Collected data entries
-- -- --

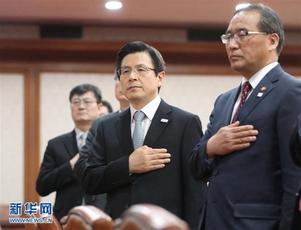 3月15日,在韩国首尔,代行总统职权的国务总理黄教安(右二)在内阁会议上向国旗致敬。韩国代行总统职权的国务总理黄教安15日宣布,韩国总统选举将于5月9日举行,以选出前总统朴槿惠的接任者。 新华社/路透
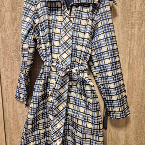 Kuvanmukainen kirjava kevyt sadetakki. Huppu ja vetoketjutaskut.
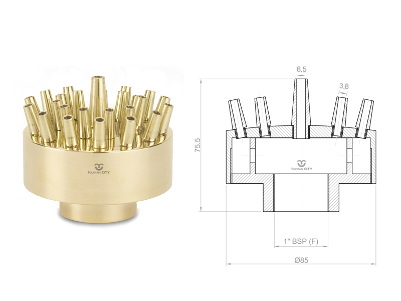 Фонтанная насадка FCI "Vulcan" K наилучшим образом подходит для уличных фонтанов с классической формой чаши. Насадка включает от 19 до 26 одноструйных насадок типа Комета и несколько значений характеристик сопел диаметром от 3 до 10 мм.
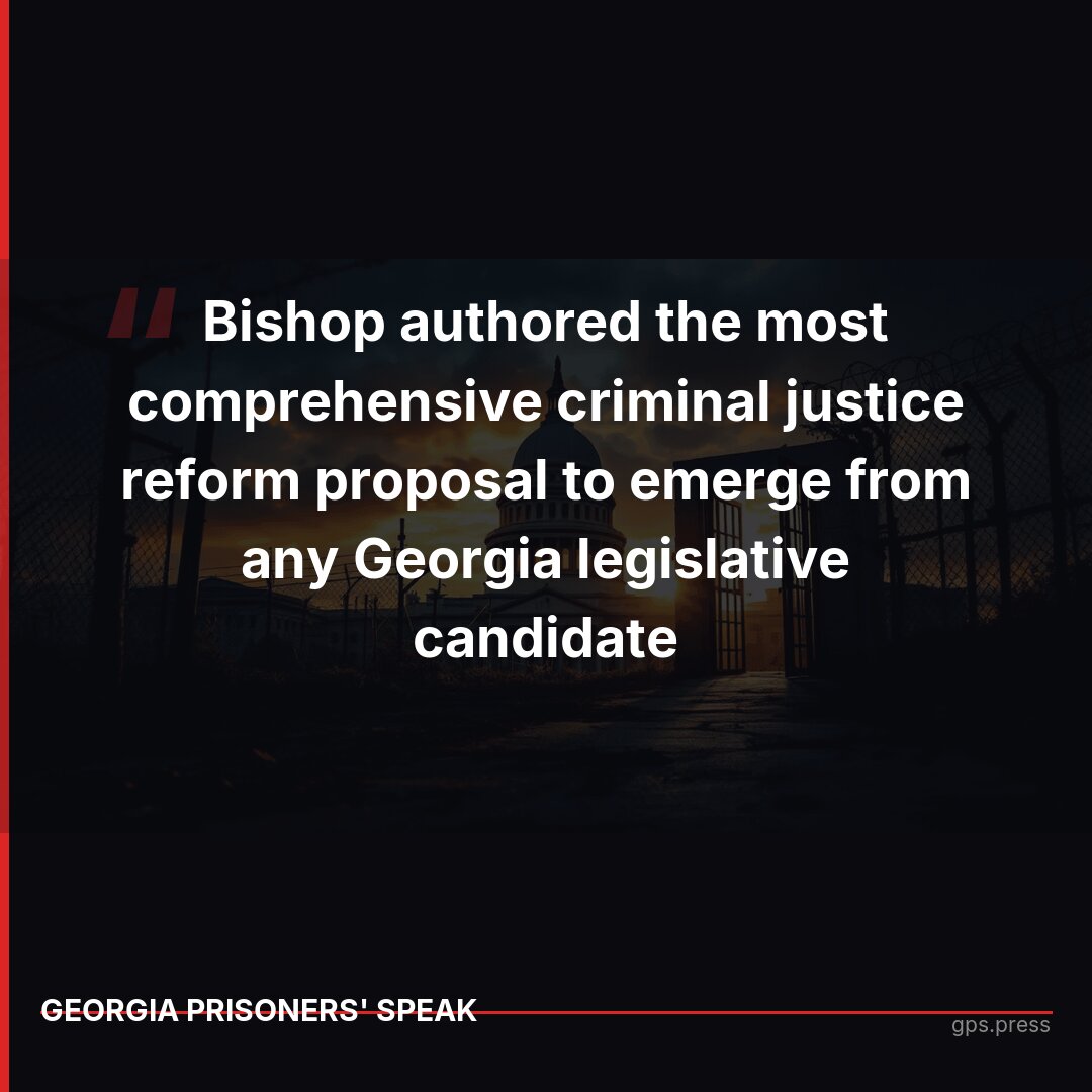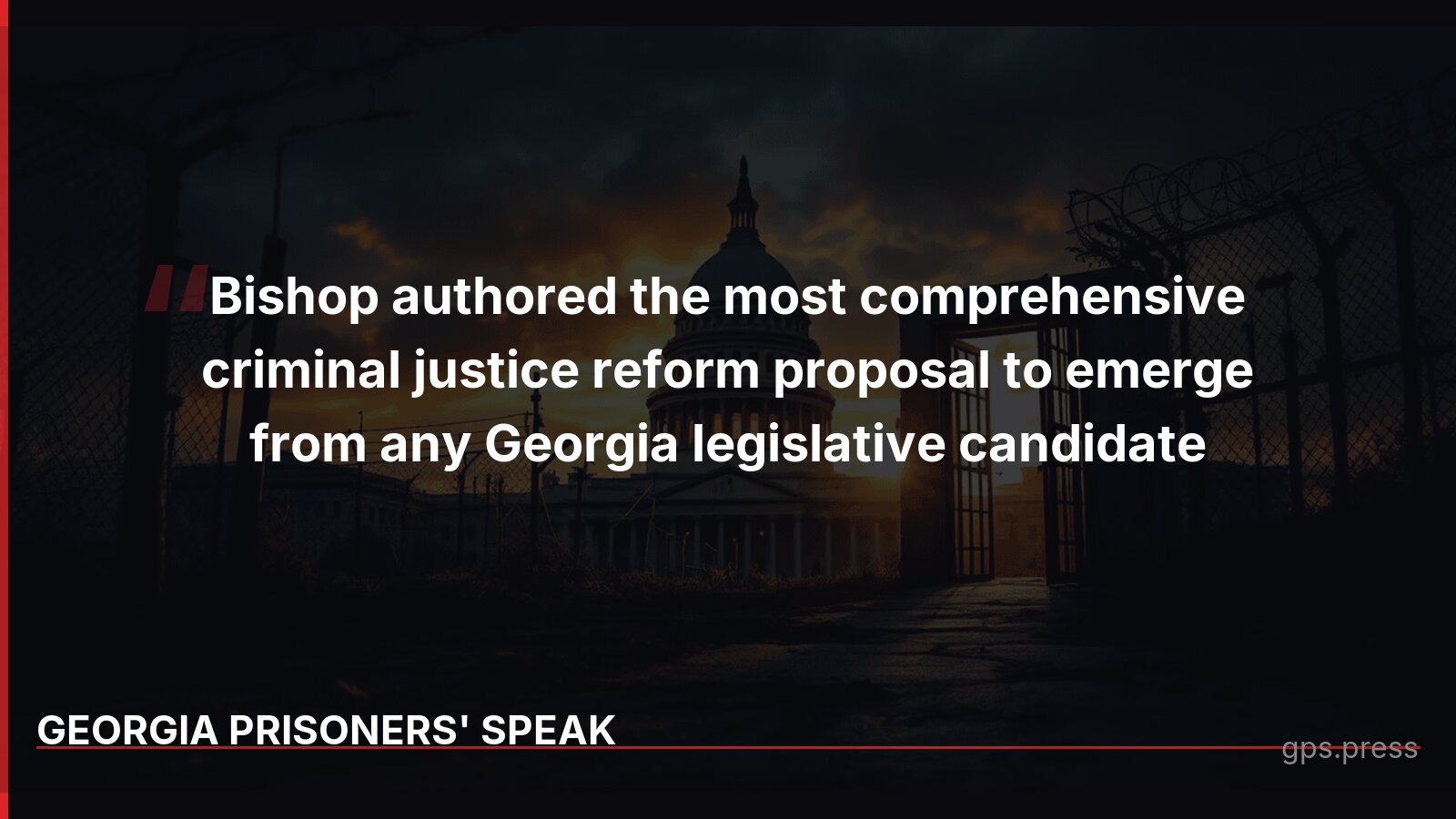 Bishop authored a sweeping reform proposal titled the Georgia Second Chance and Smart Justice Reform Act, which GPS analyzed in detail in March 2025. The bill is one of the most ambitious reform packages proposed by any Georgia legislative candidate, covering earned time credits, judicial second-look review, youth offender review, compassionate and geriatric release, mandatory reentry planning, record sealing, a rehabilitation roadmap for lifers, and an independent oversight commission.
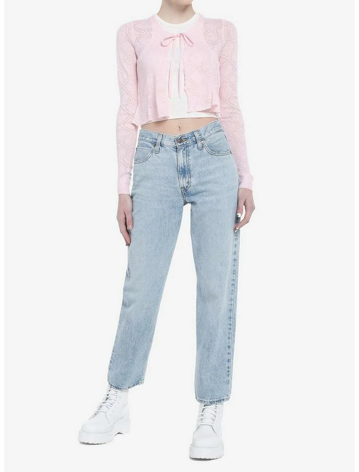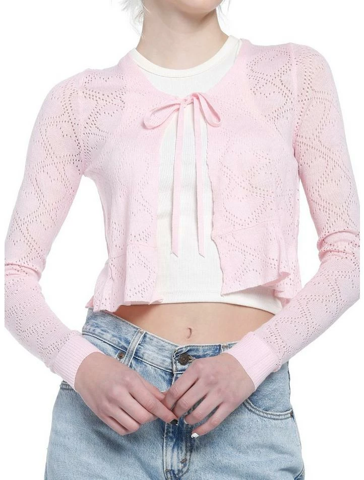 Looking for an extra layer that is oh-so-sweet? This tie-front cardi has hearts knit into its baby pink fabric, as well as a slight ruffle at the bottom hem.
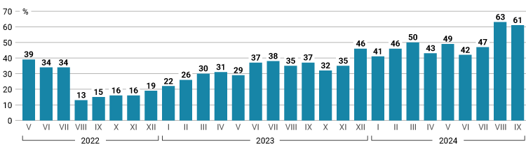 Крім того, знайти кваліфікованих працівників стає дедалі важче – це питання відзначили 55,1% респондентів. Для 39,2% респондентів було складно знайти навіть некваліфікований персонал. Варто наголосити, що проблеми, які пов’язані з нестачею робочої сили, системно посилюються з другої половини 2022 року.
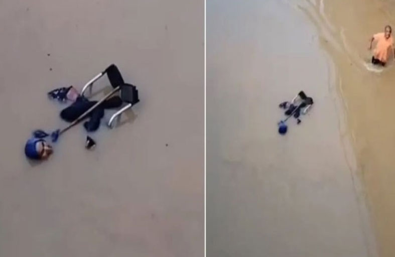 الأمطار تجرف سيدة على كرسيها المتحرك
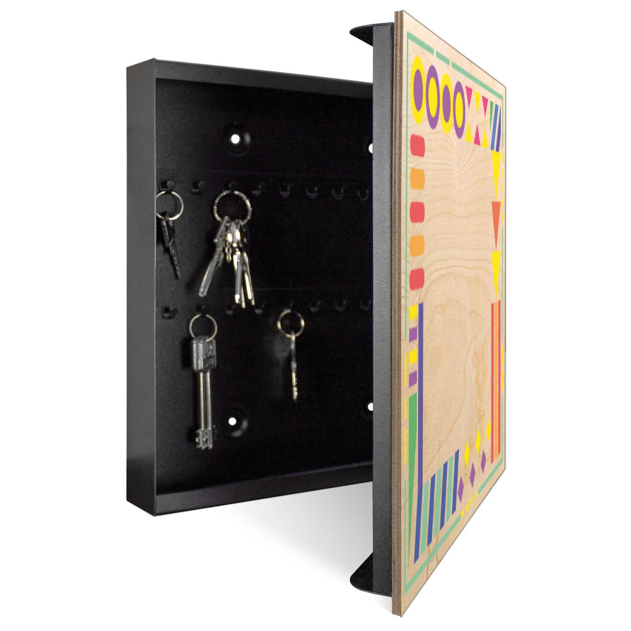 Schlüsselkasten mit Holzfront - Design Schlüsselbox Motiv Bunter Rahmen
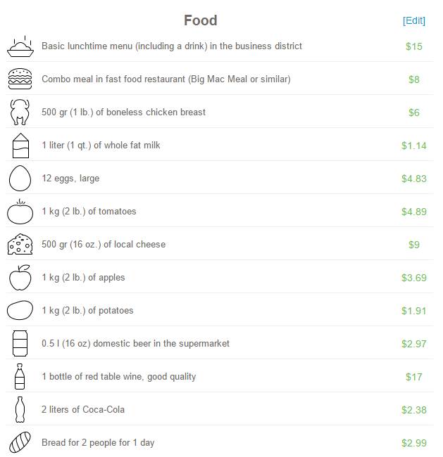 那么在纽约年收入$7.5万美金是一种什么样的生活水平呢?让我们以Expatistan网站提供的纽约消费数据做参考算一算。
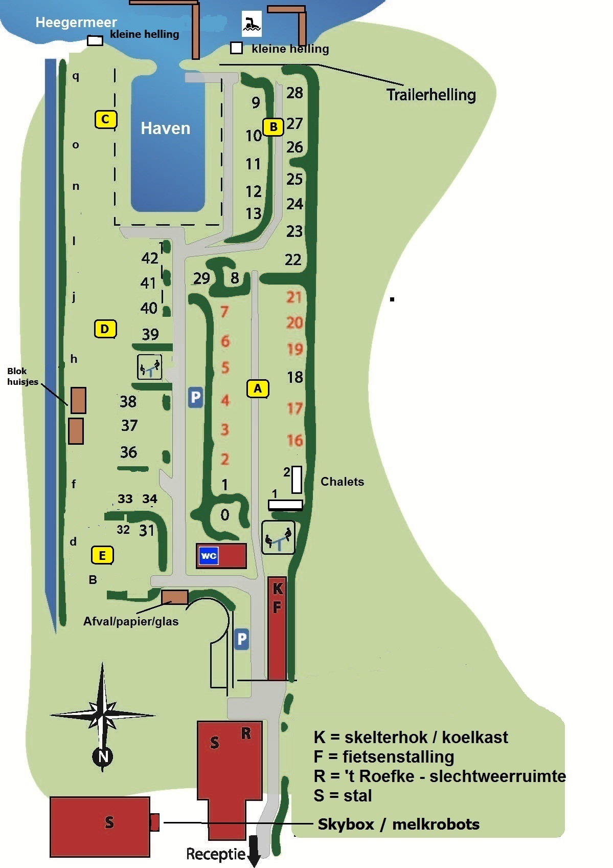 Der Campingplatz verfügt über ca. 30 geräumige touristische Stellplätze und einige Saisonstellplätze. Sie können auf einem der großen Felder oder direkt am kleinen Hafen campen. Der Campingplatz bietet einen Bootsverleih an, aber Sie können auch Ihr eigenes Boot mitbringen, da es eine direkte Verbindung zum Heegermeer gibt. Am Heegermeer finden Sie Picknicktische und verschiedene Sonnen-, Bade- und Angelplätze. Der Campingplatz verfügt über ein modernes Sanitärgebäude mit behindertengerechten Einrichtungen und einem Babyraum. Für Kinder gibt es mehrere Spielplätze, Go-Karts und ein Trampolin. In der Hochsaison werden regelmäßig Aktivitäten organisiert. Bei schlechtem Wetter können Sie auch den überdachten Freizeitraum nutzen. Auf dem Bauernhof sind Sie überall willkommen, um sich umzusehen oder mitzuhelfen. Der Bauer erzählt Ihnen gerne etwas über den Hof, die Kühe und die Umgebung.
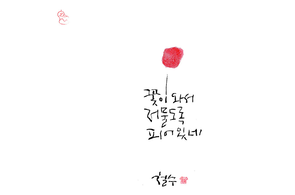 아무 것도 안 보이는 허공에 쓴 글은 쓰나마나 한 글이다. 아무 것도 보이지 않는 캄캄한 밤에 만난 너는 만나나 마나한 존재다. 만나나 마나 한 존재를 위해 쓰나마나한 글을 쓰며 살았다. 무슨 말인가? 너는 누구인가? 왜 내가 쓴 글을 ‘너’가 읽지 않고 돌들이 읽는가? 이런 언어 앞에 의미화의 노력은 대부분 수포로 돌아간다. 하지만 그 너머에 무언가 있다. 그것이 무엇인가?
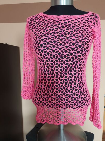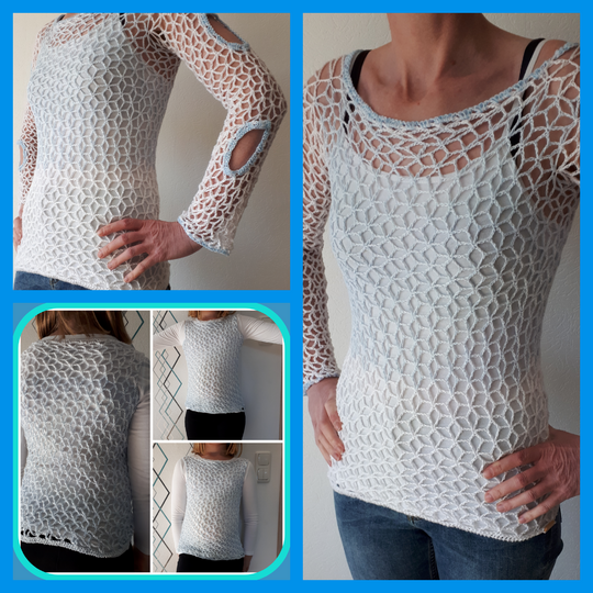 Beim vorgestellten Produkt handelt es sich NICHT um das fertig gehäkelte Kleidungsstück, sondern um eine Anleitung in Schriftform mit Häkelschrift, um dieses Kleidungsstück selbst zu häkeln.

-- -- --

__DIRECTIONS__: Could you set down every record above exactly as written, leaving out the pictures?

__REPLY__:
 3月15日,在韩国首尔,代行总统职权的国务总理黄教安(右二)在内阁会议上向国旗致敬。韩国代行总统职权的国务总理黄教安15日宣布,韩国总统选举将于5月9日举行,以选出前总统朴槿惠的接任者。 新华社/路透
 Kuvanmukainen kirjava kevyt sadetakki. Huppu ja vetoketjutaskut.
 Фонтанная насадка FCI "Vulcan" K наилучшим образом подходит для уличных фонтанов с классической формой чаши. Насадка включает от 19 до 26 одноструйных насадок типа Комета и несколько значений характеристик сопел диаметром от 3 до 10 мм.
 Bishop authored a sweeping reform proposal titled the Georgia Second Chance and Smart Justice Reform Act, which GPS analyzed in detail in March 2025. The bill is one of the most ambitious reform packages proposed by any Georgia legislative candidate, covering earned time credits, judicial second-look review, youth offender review, compassionate and geriatric release, mandatory reentry planning, record sealing, a rehabilitation roadmap for lifers, and an independent oversight commission.
 Looking for an extra layer that is oh-so-sweet? This tie-front cardi has hearts knit into its baby pink fabric, as well as a slight ruffle at the bottom hem.
 Крім того, знайти кваліфікованих працівників стає дедалі важче – це питання відзначили 55,1% респондентів. Для 39,2% респондентів було складно знайти навіть некваліфікований персонал. Варто наголосити, що проблеми, які пов’язані з нестачею робочої сили, системно посилюються з другої половини 2022 року.
 الأمطار تجرف سيدة على كرسيها المتحرك
 Schlüsselkasten mit Holzfront - Design Schlüsselbox Motiv Bunter Rahmen
 那么在纽约年收入$7.5万美金是一种什么样的生活水平呢?让我们以Expatistan网站提供的纽约消费数据做参考算一算。
 Der Campingplatz verfügt über ca. 30 geräumige touristische Stellplätze und einige Saisonstellplätze. Sie können auf einem der großen Felder oder direkt am kleinen Hafen campen. Der Campingplatz bietet einen Bootsverleih an, aber Sie können auch Ihr eigenes Boot mitbringen, da es eine direkte Verbindung zum Heegermeer gibt. Am Heegermeer finden Sie Picknicktische und verschiedene Sonnen-, Bade- und Angelplätze. Der Campingplatz verfügt über ein modernes Sanitärgebäude mit behindertengerechten Einrichtungen und einem Babyraum. Für Kinder gibt es mehrere Spielplätze, Go-Karts und ein Trampolin. In der Hochsaison werden regelmäßig Aktivitäten organisiert. Bei schlechtem Wetter können Sie auch den überdachten Freizeitraum nutzen. Auf dem Bauernhof sind Sie überall willkommen, um sich umzusehen oder mitzuhelfen. Der Bauer erzählt Ihnen gerne etwas über den Hof, die Kühe und die Umgebung.
 아무 것도 안 보이는 허공에 쓴 글은 쓰나마나 한 글이다. 아무 것도 보이지 않는 캄캄한 밤에 만난 너는 만나나 마나한 존재다. 만나나 마나 한 존재를 위해 쓰나마나한 글을 쓰며 살았다. 무슨 말인가? 너는 누구인가? 왜 내가 쓴 글을 ‘너’가 읽지 않고 돌들이 읽는가? 이런 언어 앞에 의미화의 노력은 대부분 수포로 돌아간다. 하지만 그 너머에 무언가 있다. 그것이 무엇인가?
 Beim vorgestellten Produkt handelt es sich NICHT um das fertig gehäkelte Kleidungsstück, sondern um eine Anleitung in Schriftform mit Häkelschrift, um dieses Kleidungsstück selbst zu häkeln.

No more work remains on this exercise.